[論文レビュー] Group3D: MLLM-Driven Semantic Grouping for Open-Vocabulary 3D Object Detection
Group3Dはセマンティック制約を用いてマルチモーダル言語モデルを活用し、RGBのみの3D検出の3D監督なしでオープンセット検出を改善するために断片統合をセマンティック適合グループでゲートする。
Open-vocabulary 3D object detection aims to localize and recognize objects beyond a fixed training taxonomy. In multi-view RGB settings, recent approaches often decouple geometry-based instance construction from semantic labeling, generating class-agnostic fragments and assigning open-vocabulary categories post hoc. While flexible, such decoupling leaves instance construction governed primarily by geometric consistency, without semantic constraints during merging. When geometric evidence is view-dependent and incomplete, this geometry-only merging can lead to irreversible association errors, including over-merging of distinct objects or fragmentation of a single instance. We propose Group3D, a multi-view open-vocabulary 3D detection framework that integrates semantic constraints directly into the instance construction process. Group3D maintains a scene-adaptive vocabulary derived from a multimodal large language model (MLLM) and organizes it into semantic compatibility groups that encode plausible cross-view category equivalence. These groups act as merge-time constraints: 3D fragments are associated only when they satisfy both semantic compatibility and geometric consistency. This semantically gated merging mitigates geometry-driven over-merging while absorbing multi-view category variability. Group3D supports both pose-known and pose-free settings, relying only on RGB observations. Experiments on ScanNet and ARKitScenes demonstrate that Group3D achieves state-of-the-art performance in multi-view open-vocabulary 3D detection, while exhibiting strong generalization in zero-shot scenarios. The project page is available at https://ubin108.github.io/Group3D/.
研究の動機と目的
- 室内シーンにおける3Dオブジェクト検出のオープンボキャブラリ問題に3D監督なしで Address する。

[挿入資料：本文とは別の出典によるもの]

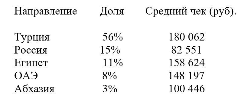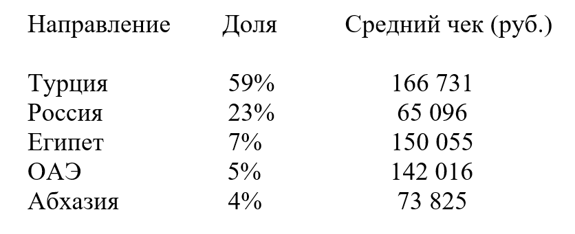ТОП-5 самых популярных туристических направлений у Абхазии, но и она немного потеряла: ее доля составила 3%, прошлым летом было на процент больше. Средний чек увеличился с 74 до 100 тыс. руб.

- インスタンス構築時にセマンティック制約を注入してジオメトリ主導の過剰統合を緩和する。
- MLLMを用いてシーン適応型語彙とセマンティックグループを開発する。
- ポーズ既知とポーズフリー(RGBのみ)の両方の運用を可能にする。
- ScanNetとARKitScenesで最先端性能と強力なゼロショット一般化を示す。
提案手法
- MLLMへビュー間で問い合わせてシーン適応型カテゴリ集合を形成することでシーン語彙メモリを構築する。
- SAMを介してカテゴリ認識型2Dマスクを持ち上げ、マルチビュー幾何学を用いて3Dリフティングのための3Dフラグメントメモリを構築する。
- MLLMを用いて意味的適合性グループにシーン語彙を分割し、跨ビューのカテゴリ同値性の妥当性を捉える。
- 意味的適合性(同一グループ)と体素レベルの幾何学的重複(IoUまたは包含ベースの重複)が成り立つ場合にのみ3Dフラグメントを統合する。
- 最終的なオ Open-vocabularyラベルを割り当て、3D境界ボックスを計算するためにマルチビュー証拠を集約する。
実験結果
リサーチクエスチョン
- RQ1MLLMからの意味的事前知識はオープンボキャブラリ3D検出における跨ビュー断片アソシエーションをどう改善するか。
- RQ2意味的ゲート統合はビュー依存または不完全なジオメトリの下でジオメトリ主導の過剰統合を減らすか。
- RQ33D監督や地真_depthのないRGBのみのパイプラインで競争力のあるオープンボキャブラリ3D検出を達成できるか。
主な発見
- Group3DはScanNetとARKitScenesにおけるマルチビューオープンボキャブラリ3D検出器の中で最先端性能を達成。
- 意味的適合性グルーピングは跨ビューラベル変動への堅牢性を高め、ジオメトリのみの統合と比較して過剰統合を減少させる。
- ポーズ既知・ポーズフリーの両方の設定でRGB観測のみを用いて機能し、ゼロショット一般化を達成。
- アブレーションにより意味的グルーピングが不可欠であり、これを除去すると性能が低下する一方、ビューごとのカテゴリ仮説数を変えても影響は限定的。
- 長尾語彙(ScanNet200)への一般化とデータセット間で意味的事前知識を転移する能力を示す。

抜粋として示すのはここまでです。